Unlike yesterday's freeway traffic on the trails, it was quiet and peaceful in Ute today.  It is enjoyable to run with the lightly falling snow - sounds are muffled and the crunch of your footsteps allow an almost metronomic trance to fall over your run.  About half way through the run, the snow started to pick up a bit and a noticeable temperature drop ensued.  With the change came some new slickness to the already re-frozen mud from Saturday and a layer of white to hide the ice.  It was time to enter the winter run mantra zone - soft footfalls, close attention to feedback from the trail, watch for the light sandstone caps to skip across, avoid the ice flows....  This is a good zone as it recaptures the mental attention and brings a close connection to the trail.
 Watch that ice!!!
Peaceful run

We had a great day on the trails and are starting to have a bit of renewed energy for the runs.  We will continue to keep it a bit calm for the next few weeks, including a potential ski or two and another snowshoe outing.  It is good to mix it up for the winter months.  We finished with 11 miles and a satisfying cold run in the snow.  Hope your winter training is going well - Happy Trails!

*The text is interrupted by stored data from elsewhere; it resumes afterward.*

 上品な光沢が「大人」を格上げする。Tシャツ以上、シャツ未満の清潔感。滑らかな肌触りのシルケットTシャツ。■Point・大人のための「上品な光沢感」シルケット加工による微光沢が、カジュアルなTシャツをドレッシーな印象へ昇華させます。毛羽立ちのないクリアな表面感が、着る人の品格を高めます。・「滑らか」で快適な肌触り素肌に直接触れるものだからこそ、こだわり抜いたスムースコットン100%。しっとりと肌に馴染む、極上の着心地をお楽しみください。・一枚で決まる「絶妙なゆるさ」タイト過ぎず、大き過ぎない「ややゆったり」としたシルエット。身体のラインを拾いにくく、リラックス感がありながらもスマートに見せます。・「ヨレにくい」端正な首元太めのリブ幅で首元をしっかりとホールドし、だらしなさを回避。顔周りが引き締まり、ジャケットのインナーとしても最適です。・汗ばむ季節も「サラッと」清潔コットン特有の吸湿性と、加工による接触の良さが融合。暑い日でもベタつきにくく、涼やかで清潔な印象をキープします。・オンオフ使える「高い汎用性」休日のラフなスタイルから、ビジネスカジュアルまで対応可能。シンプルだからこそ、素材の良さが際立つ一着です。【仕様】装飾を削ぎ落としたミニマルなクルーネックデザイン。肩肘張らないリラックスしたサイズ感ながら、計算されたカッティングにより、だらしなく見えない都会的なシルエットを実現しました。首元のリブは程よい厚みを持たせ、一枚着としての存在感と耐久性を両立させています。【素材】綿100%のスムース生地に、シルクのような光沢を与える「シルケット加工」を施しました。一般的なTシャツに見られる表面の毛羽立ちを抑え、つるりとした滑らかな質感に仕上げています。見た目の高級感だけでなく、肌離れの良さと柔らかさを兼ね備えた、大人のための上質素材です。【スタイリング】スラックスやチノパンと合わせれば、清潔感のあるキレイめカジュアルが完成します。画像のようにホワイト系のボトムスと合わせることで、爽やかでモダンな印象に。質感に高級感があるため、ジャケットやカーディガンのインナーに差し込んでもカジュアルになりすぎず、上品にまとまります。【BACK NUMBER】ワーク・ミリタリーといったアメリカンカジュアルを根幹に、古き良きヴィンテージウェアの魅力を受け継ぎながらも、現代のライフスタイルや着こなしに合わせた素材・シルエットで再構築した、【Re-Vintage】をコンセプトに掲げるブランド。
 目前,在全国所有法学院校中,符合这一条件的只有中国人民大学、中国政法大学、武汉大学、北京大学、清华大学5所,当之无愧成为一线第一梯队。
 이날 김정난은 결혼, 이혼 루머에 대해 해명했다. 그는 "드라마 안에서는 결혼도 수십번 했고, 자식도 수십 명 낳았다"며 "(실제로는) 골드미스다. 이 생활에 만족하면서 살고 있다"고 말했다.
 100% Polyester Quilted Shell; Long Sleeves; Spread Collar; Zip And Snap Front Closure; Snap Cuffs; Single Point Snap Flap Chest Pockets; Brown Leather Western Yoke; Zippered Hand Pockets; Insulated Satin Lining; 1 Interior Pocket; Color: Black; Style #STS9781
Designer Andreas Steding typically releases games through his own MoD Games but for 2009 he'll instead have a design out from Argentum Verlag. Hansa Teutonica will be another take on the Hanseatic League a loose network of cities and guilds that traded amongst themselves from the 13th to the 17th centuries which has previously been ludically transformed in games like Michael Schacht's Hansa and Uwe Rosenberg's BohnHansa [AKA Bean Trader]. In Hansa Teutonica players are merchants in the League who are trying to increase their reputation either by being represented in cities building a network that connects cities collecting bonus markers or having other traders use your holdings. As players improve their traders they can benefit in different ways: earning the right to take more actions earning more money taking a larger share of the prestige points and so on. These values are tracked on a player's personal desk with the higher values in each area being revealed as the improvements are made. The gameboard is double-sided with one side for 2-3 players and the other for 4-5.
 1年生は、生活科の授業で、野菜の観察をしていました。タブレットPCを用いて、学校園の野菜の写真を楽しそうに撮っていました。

Shoes - K Asics 2150 Trail
S Pearl Izumi SyncroFuel XC

Sunday, January 2, 2011

Rescue Run 2011

After we intentionally eased back on the running through the month of December (and probably through January), I planned on spicing things up for the start of 2011 by doing the Rescue Run 10k. A race that benefits El Paso County Search and Rescue, it is a fun and challenging course that winds through the hills of Palmer Park.  It utilizes a combination of paved  and dirt roads, providing sweeping views of the Front Range.  Unable to coerce convince Steve that he would enjoy running it too, I was on my own (although he came as my cheerleader).  The primary goal of running the race was to use it as a hard tempo workout - to shock my semi-hibernating, slow body awake.  Other than that, there was no objective - work hard for a few minutes and have FUN!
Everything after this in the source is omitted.